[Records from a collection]
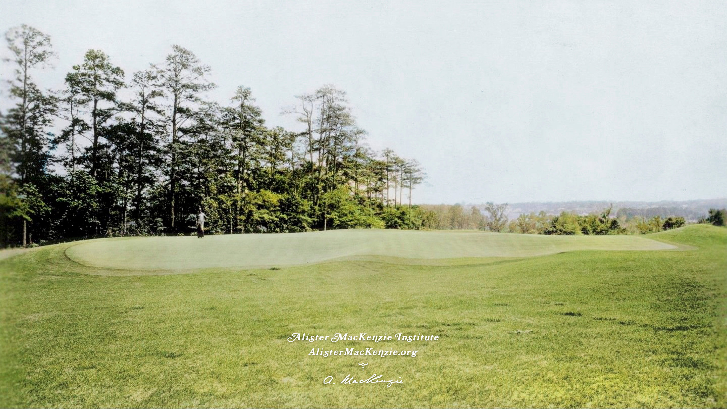 Alister MacKenzie (1932): “This will be a similar type of hole to the famous 17th, the Road Hole at St. Andrews. A group of trees forms a corner of the dogleg instead of the station master’s garden and the green itself will be situated on a similar plateau to its prototype.”
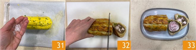 Bestreut mit Thymian und Flockensalz 31, backt im vorgeheizten Umluftofen bei 170°C für etwa 35 Minuten. Nachdem ihr es aus dem Ofen genommen habt, lasst den Rollbraten 15 Minuten ruhen, bevor ihr ihn schneidet 32. Serviert das Wellington aus Rollbraten und Wirsing 33 mit der Sauce, die aus dem Bratenrückstand des Fleisches gewonnen wird, guten Appetit!
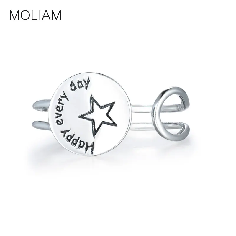 Best Quality MOLIAM "Happy every day" Letters Star Open Rings for Women Men Genuine 925 Sterling Silver Finger R
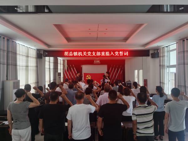 为庆祝中国共产党成立100周年,增强党员理想信念,提高党员党性修养,6月28日上午,胡总镇在镇三楼会议室举办镇直机关支部重温入党誓词仪式。镇直机关支部全体党员干部参加仪式。
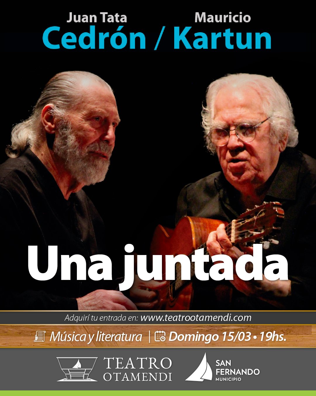 Juan Tata Cedrón y Mauricio Kartun se juntan para compartir y recrear, en un clima intimista, un diálogo entre canciones y textos, músicas y palabras, memoria y sueños.
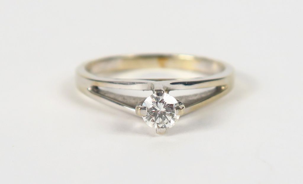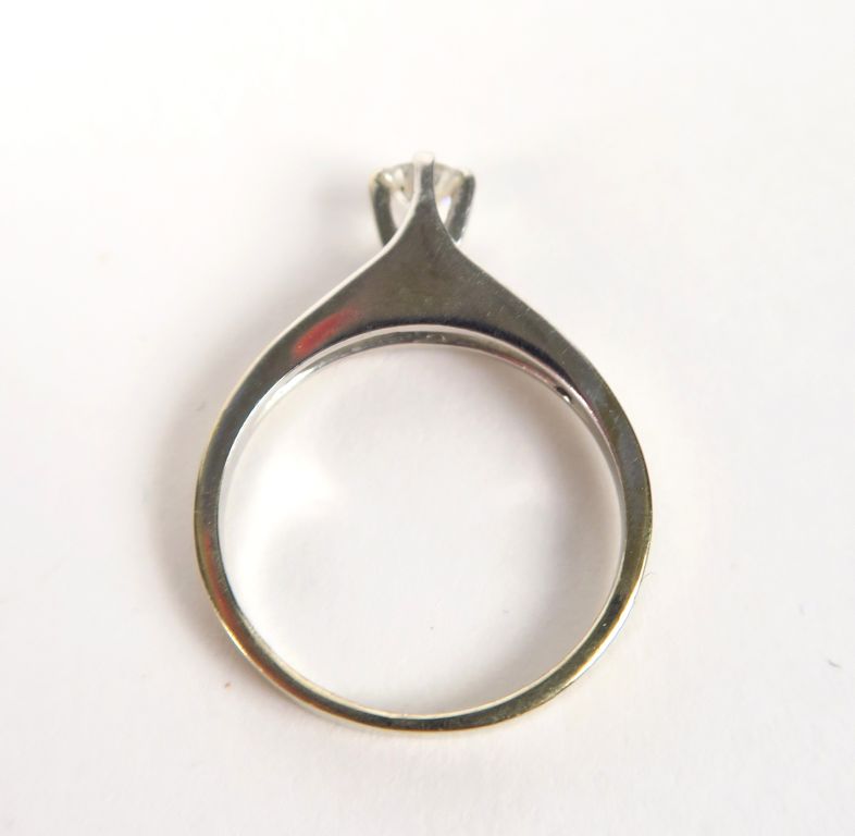 Bague solitaire en or blanc ornée d'un brilalant de 0,15 carats environ. Poids tel : 2,5 g. TDD : 49

▸ **Exercise brief**
All lines from the one containing "为庆祝中国共产党成立100周" to the last line of the records above, and no others, should be returned unchanged, without pictures.

▸ **Task answer**
 为庆祝中国共产党成立100周年,增强党员理想信念,提高党员党性修养,6月28日上午,胡总镇在镇三楼会议室举办镇直机关支部重温入党誓词仪式。镇直机关支部全体党员干部参加仪式。
 Juan Tata Cedrón y Mauricio Kartun se juntan para compartir y recrear, en un clima intimista, un diálogo entre canciones y textos, músicas y palabras, memoria y sueños.
 Bague solitaire en or blanc ornée d'un brilalant de 0,15 carats environ. Poids tel : 2,5 g. TDD : 49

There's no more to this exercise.